Mise à jour 1999
La révolution au Palais
Est-ce qu'on a fait la révolution au Palais ? La justice est-elle
enfin arrivée au Québec? NON. Soyons justes. Depuis 6 ans,
les délais d'audition ont été raccourcis, aussi bien
en appel qu'en première instance. La compétence de la Cour
des petites créances a été augmentée. Certaines
causes - où la plupart des défenses étaient grossièrement
dilatoires - peuvent maintenant être entendues beaucoup plus rapidement.
Surtout, on a fait un effort vers la médiation en ce qui touche les
conflits entre conjoints. C'est un début.
Un début bien pusillanime. Car le nombre des procédures que
l'on peut faire valoir, la façon dont elles sont habituellement traitées,
la priorité qu'accordent le plus souvent les magistrats aux caprices
des avocats plutôt qu'aux besoins des justiciables quant on détermine
les échéanciers, tout ça a pour résultat qu'il
faut encore compter des années pour obtenir justice.
Coté fric, on a rendu plus difficile l'accès à l'assistance
judiciaire, renvoyant une partie des pauvres rejoindre la classe moyenne
dans la zone où, à cause du coût élevé
des services d'avocats, la justice est hors de portée du monde ordinaire.
Simultanément, la tribu des juristes regarde sévèrement
ceux des leurs qui osent couper les prix et offrir des services à
forfait ou à pourcentage. On prétend que l'avocat ne doit
pas avoir d'intérêt à la cause... sauf, bien sûr,
celui de présenter une facture dont le montant pourra aisément
excéder la somme en litige.
Quand le client veut y mettre le prix - les compagnies d'Assurances et,
hélas! , le gouvernement lui-même sont les champions en ce
domaine - il est encore possible de retarder l'issue d'un procès
jusqu'au désistement ou la ruine du plaideur peu fortuné,
quelle que soit la valeur du droit qu'il a à faire valoir. La justice
au Québec n'est pas vraiment accessible à tous, ce qui, dans
un État de droit, est une infamie qu'on se cache pudiquement, comme
les relations incestueuses entre avocats, comptables et gestionnaires de
compagnies qui permettent aux avocats de créer les problèmes
qu'il pourront ensuite régler pour des honoraires annuels qui au
Québec dépassent largement le milliard de dollars.
Je m'amuse beaucoup, depuis quelques années, à poser ce dilemme
aux avocats de ma connaissance.
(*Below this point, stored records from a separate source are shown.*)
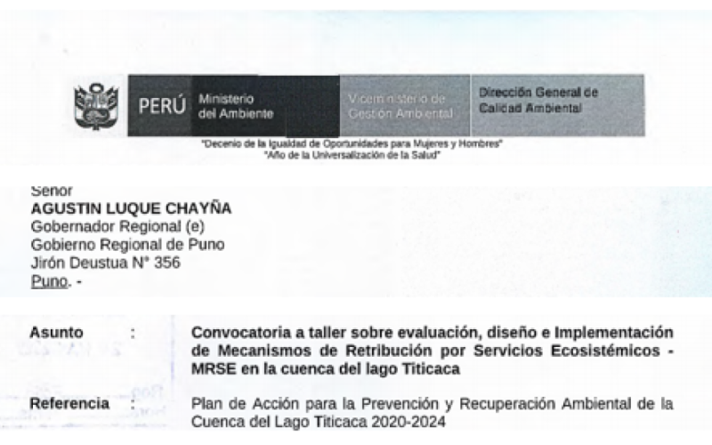 Comisión Multisectorial para la Prevención y Recuperación Ambiental de la Cuenca del Lago Titicaca y sus Afluentes, invita a participar en el Taller sobre evaluación, diseño e Implementación de Mecanismos de Retribución por Servicios Ecosistémicos - MRSE y otros instrumentos económicos aplicables en la cuenca del lago Titicaca, a llevarse a cabo el día martes 09 de junio del presente a las 09:30 horas, a través de la plataforma Meet (https://meet.google.com/qnu-ubrs-yhq).
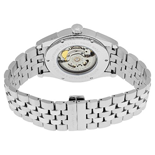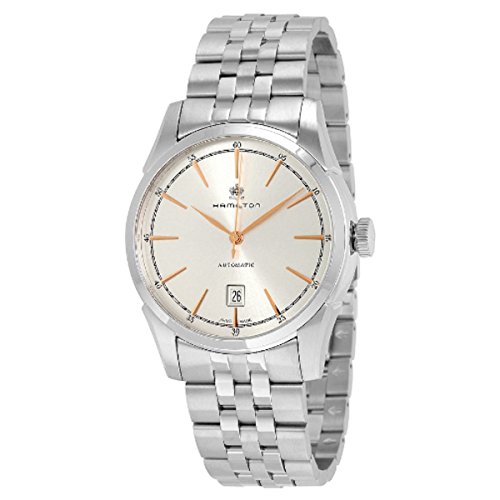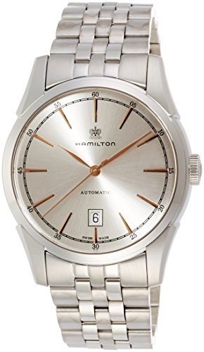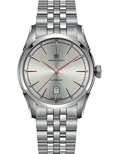 Studio : Hamilton Publisher : Hamilton Binding : Watch Product Description Stainless steel case with a stainless steel bracelet. Fixed stainless steel bezel. Silver dial with rose gold-tone hands and index hour markers. Minute markers around the outer rim. Dial Type: Analog. Date display at the 6 o'clock position. Automatic movement with an 80 hour power reserve. Scratch resistant sapphire crystal. Pull / push crown. Skeleton case back. Case diameter: 42 mm. Case thickness: 11 mm. Round case shape. Band width: 22 mm. Deployment with push button release clasp. Water resistant at 50 meters / 165 feet. Functions: date, hour, minute, second. Luxury watch style. Watch label: Swiss Made. Hamilton Spirit Of Liberty Silver Dial Stainless Steel Mens Watch H42415051. 0
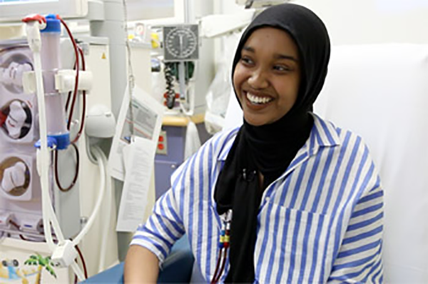 Sixteen year old Ugbad Ali was diagnosed with end stage kidney disease in April 2015. “I wasn’t feeling well. I had headaches and was throwing up. When I went to the hospital, they found that my bloodwork was out of whack.” She was at SickKids for three weeks before learning that she’d have to continue coming to the hospital multiple times a week for dialysis in order to maintain her health.
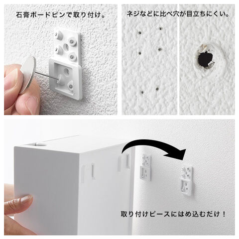 【取り付け可能な壁面】石こうボードピン使用時:壁紙・布壁紙・ビニール壁紙貼りなどの石こうボード・薄ベニヤ 木ネジ使用時:柱・板壁(厚さ1cm以上)・プリント合板(裏側に水平にサンがある場所)・裏に下地材(間柱)が入っている壁
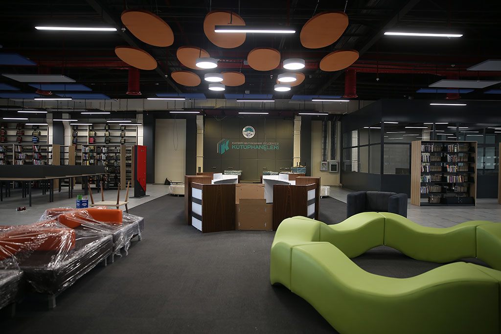 Kayseri Büyükşehir Belediye Başkanı Dr. Memduh Büyükkılıç’ın 150 projesi arasında yer alan semt kütüphaneleri kapsamında Beyazşehir Sosyal Yaşam Merkezi içerisinde yapımına devam edilen kütüphane çalışmalarında sona gelindi. Kayseri Büyükşehir Belediye Başkanı Dr. Memduh Büyükkılıç’ın gelecek nesillerin daha donanımlı ve her alanda yetişmiş bireyler olabilmeleri için başlattığı semt kütüphanelerinde devam eden çalışmalar hız kesmeden sürdürülüyor. Büyükşehir Belediyesi tarafından vatandaşların hizmetine sunulacak olan Beyazşehir Sosyal Yaşam Merkezi’nin içerisindeki Beyazşehir Halk Kütüphanesi ve Çocuk Kütüphanesi’nde çalışmalarda sona gelindi. Şehrin dört bir tarafında hizmete girecek kütüphaneler şehrimizin ve ülkemizin yarınları gençlerimiz için önemli bir hizmet olacak. Büyükşehir Belediyesine bağlı bütün kütüphanelerde çağın yeniliklerine uygun modern bir şekilde vatandaşlara hizmet sunuluyor. Bu manada bulunduğu bölgenin önemli bir ihtiyacını karşılayacak olan Beyazşehir Halk Kütüphanesi; içerisinde aynı anda 500 kişinin hizmet alabileceği ve ayrıca 0-6 yaş grubuna hitap edecek olan bir çocuk kütüphanesinin de yer alacağı önemli bir eğitim merkezi olacak. Büyükşehir Belediyesi’nin 0-6 yaş arası çocuklar için hazırladığı Çocuk Kütüphanesi’nde çocukların ilgisini çekecek birçok ayrıntı düşünüldü. Çok kısa bir süre içerinde vatandaşların hizmetine sunulacak olan Beyazşehir Halk Kütüphanesi ve Çocuk Kütüphanesi her yaş grubuna hitap eden modern bir kütüphane olarak Beyazşehir halkının kullanımına açılacak.
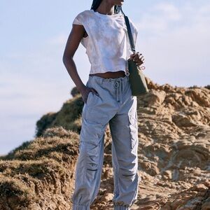 Made for hiking trips and all your favorite outdoor activities, these sporty pants are featured in a low-rise fit and slouchy silhouette with cargo-inspired pockets allover and elasticated hemlines.

Si l'avocat joue un rôle déterminant
dans notre système judiciaire et que son talent et sa compétence
ont un impact réel sur le sort des causes en litige, n'est-ce pas
un déni de justice que certains justiciables, parce qu'ils en ont
les moyens, puissent s'offrir les services des meilleurs avocats et donc
biaiser la justice en leur faveur ? Mais si, d'autre part, la justice suit
impeccablement son cours au vu des faits et de la loi - et donne raison
à qui a raison sans égard au talent de l'avocat - pourquoi
diable, devrait-on payer collectivement un milliard par année pour
les services de gens qui ne modifient pas le résultat des procès?
La comparaison est incontournable entre la tribu des avocats et les types
à gros bras qui offrent de protéger vos vitrines de la casse;
on sent confusément que nos droits et les vitrines seraient mieux
gardés si ces gens n'existaient simplement pas..
La solution proposée en 1992 est toujours d'actualité.